Abstract

The maturely dissected area immediately west of Cincinnati, Ohio, is underlain by rhythmically interbedded Upper Ordovician mud-stones and calcarenites that dip less than one-half degree to the northwest. Structure contours drawn on the lower and upper contacts of the Fairview Formation (lower Maysville) show very low and broad, northwest-plunging ridges and troughs that roughly coincide with present topographic highs and lows; these ridges and troughs may also reflect original sea-floor irregularities. Especially interesting are deformational structures visible in outcrops, i.e., small folds, thrust faults, and joints.

Typical structures are small asymmetric anticlinal folds, 1–3 feet high and 10 feet across, which are cut by one or more low-angle thrusts. The thrusts have dislocations up to 1 or 2 feet and terminate in bedding planes. These structures are observed almost exclusively in stream cuts, situated topographically below 700 feet elevation, stratigraphically in the Kope Formation and lower part of the Fairview Formation, and lithologically in thick mudstone beds separated by thin limestone layers. When the structures of the entire area are considered, a compilation of their strike directions produces a slight maximum to the north-northwest. Locally, they are generally transverse to the creek in which they occur although some types are parallel to it.

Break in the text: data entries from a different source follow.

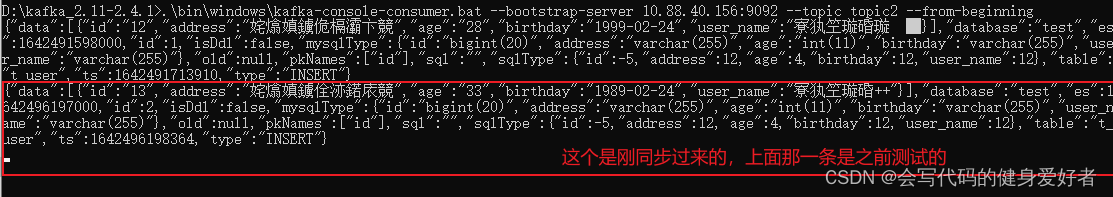 .\bin\windows\kafka-console-consumer.bat --bootstrap-server 10.88.40.156:9092 --topic topic2 --from-beginning
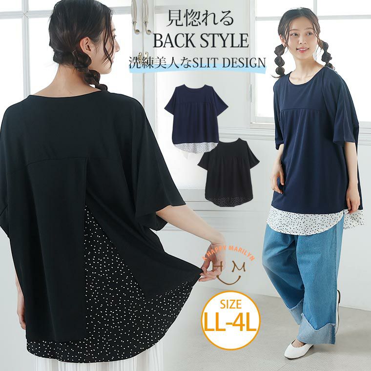 5. 大きいサイズ バックスリット プリント 切替 トップス | 大きいサイズの通販ならハッピーマリリン
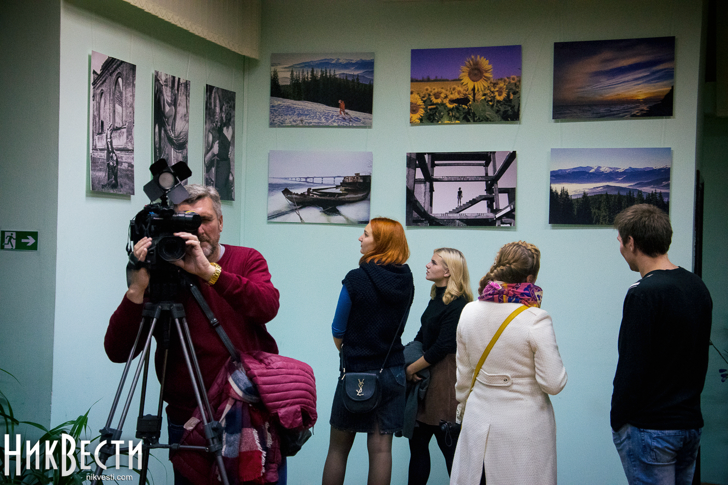 Константин Картузов, организатор выставки и директор библиотеки, рассказал, что первое название родилось из стихотворения Дмитрия Креминя, которое начинается со строчки «Небесне і земне. Земне й небесне…» Каждую фотографию он предложил рассматривать как намек на историю, которая разворачивается на глазах зрителей, причем с открытым финалом, передают НикВести.
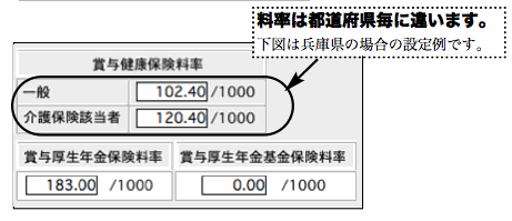この説明書では、全国健康保険協会管掌健康保険(協会健保)兵庫支部の健康保険料率・介護保険料率に基づいて説明しておりますが、各都道府県により保険料率が異なりますので、ご注意ください。
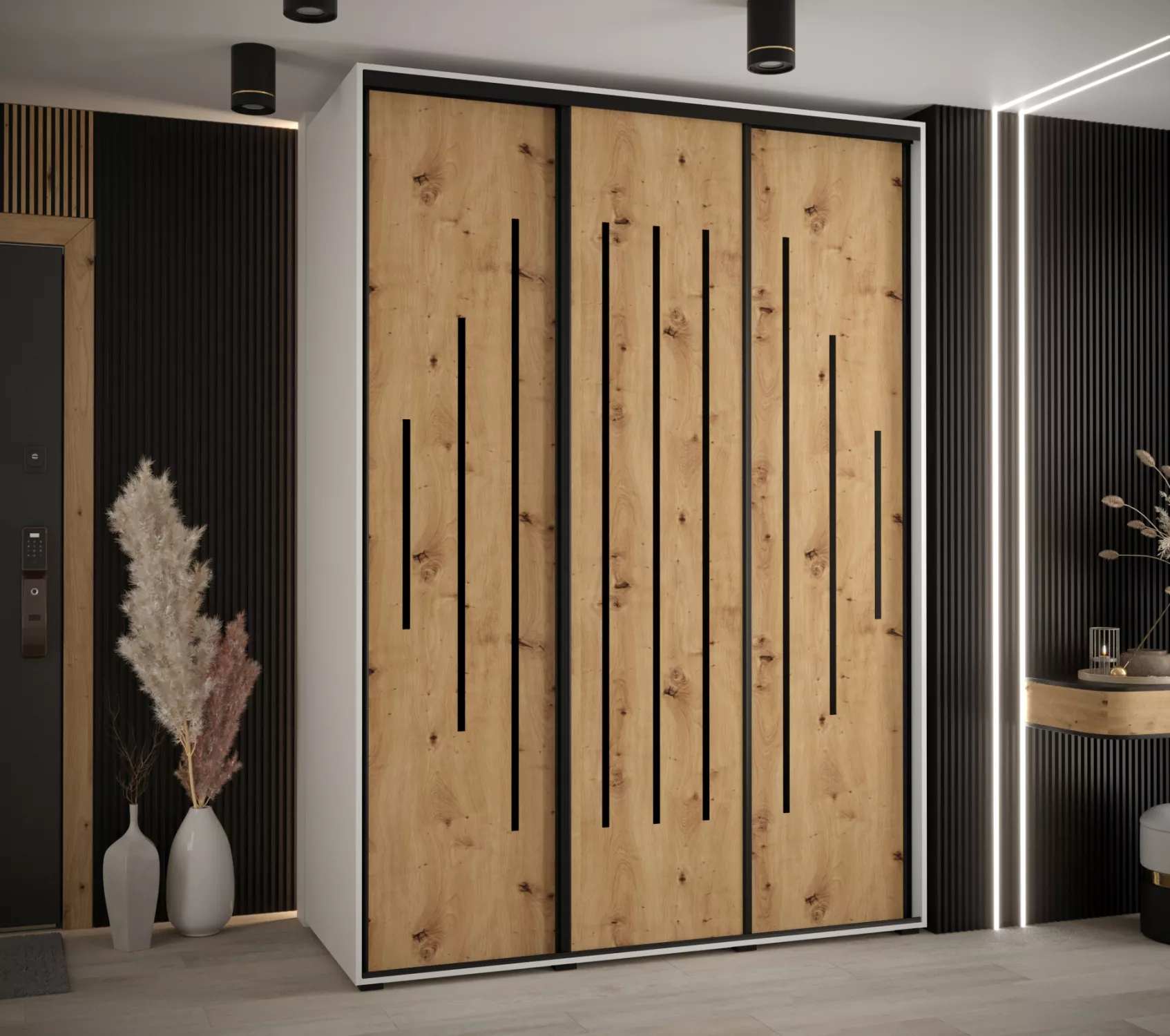 Šatní skříň YVONA 12 - 180/60 cm, bílá / dub artisan / černá
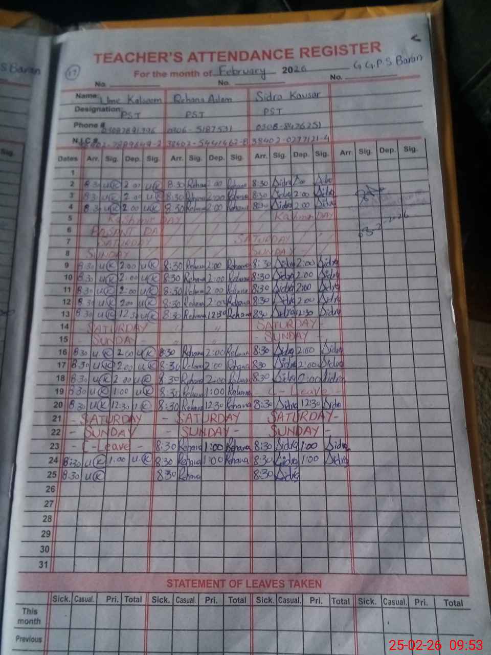 | Name: UM**** KA**** Designation: (School Headmaster's/Headmistress's) PST Phone/Cell Number: 03**** |
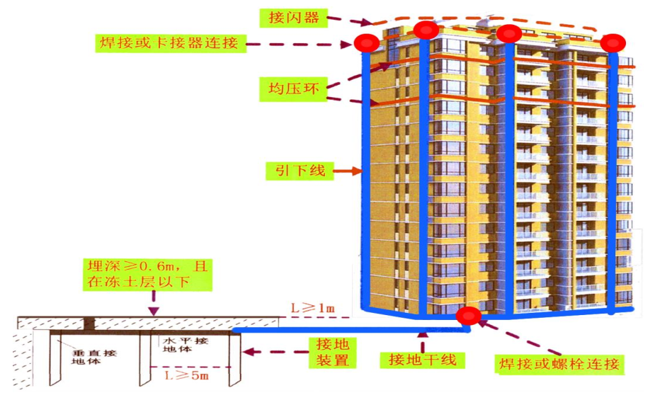 接地装置设置完成一定要对其电阻进行测量,只有保证接地电阻足够小,雷电发生时才能迅速将电流导入大地,保障建筑物安全。
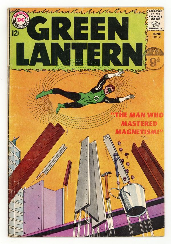 Starts Feb 2 Cover pencils by Gil Kane, inks by Murphy Anderson. The Man Who Mastered Magnetism, script by John Broome, pencils by Gil Kane, inks by Joe Giella; The origin of Dr. Polaris. Hal Jordan Betrays Green Lantern, script by Gardner Fox, pencils by Gil Kane, inks by Murphy Anderson; After helping to catch some art thieves, Carl Ferris begins to suspect Hal Jordan is really Green Lantern. 32 pgs. $0.12. Cover price $0.12. Grade: GD/VG 3.0 explanation of grade Condition: Used (collectible)
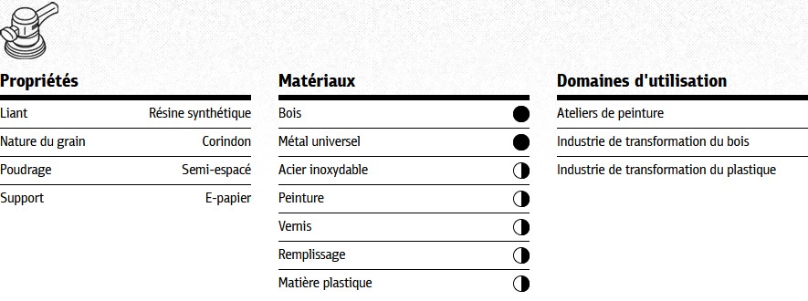 Le disque abrasif est adapté à une utilisation sur des machines à guidage manuel et réalise dans tous les cas un aspect meulé homogène. Un encrassement précoce lors d'usinage de bois est empêché par la dispersion semi-ouverte. Dans le cadre de l'usinage de métal, l'adhérence élevée des grains permise par un liant à base de résine synthétique du grain sur le support s'avère à son tour un véritable atout. Afin d'être utilisable pour un aussi grand nombre de missions de meulage que possible, le disque abrasif PS 22 K est disponible en nombreuses granulométries, ainsi que formes de découpe et de perforation. Dans ce cadre, les formes de perforation sont adaptées aux trous d'aspiration des plateaux-supports courants.

In decreasing abundance, systematic vertical joints have formed along four main directions–northwest, north-northeast, east-northeast, and north-northwest. The strongest trend follows the direction of a parallel drainage, as well as the ridges and troughs shown in the structure contours of the Fairview contacts, and the northwest prong of the Cincinnati Arch.

The deformational structures, which are of complex origins, have been formed by gentle postdepositional draping of the beds over the regional Arch; unloading by erosion and intrastratal down-dip flow of mudstone by gravitational squeezing; expansion; and sliding and slumping. Broad irregularities of the depositional surfaces, the contrasting physical properties of the lithologies, the arrangement of the lithologies with increasing amounts of mudstone toward the bottom, and the mature topography are responsible for locally controlling the direction and magnitude of the deformational stresses and, hence, the location, attitude, size, and shape of these folds, faults, and joints.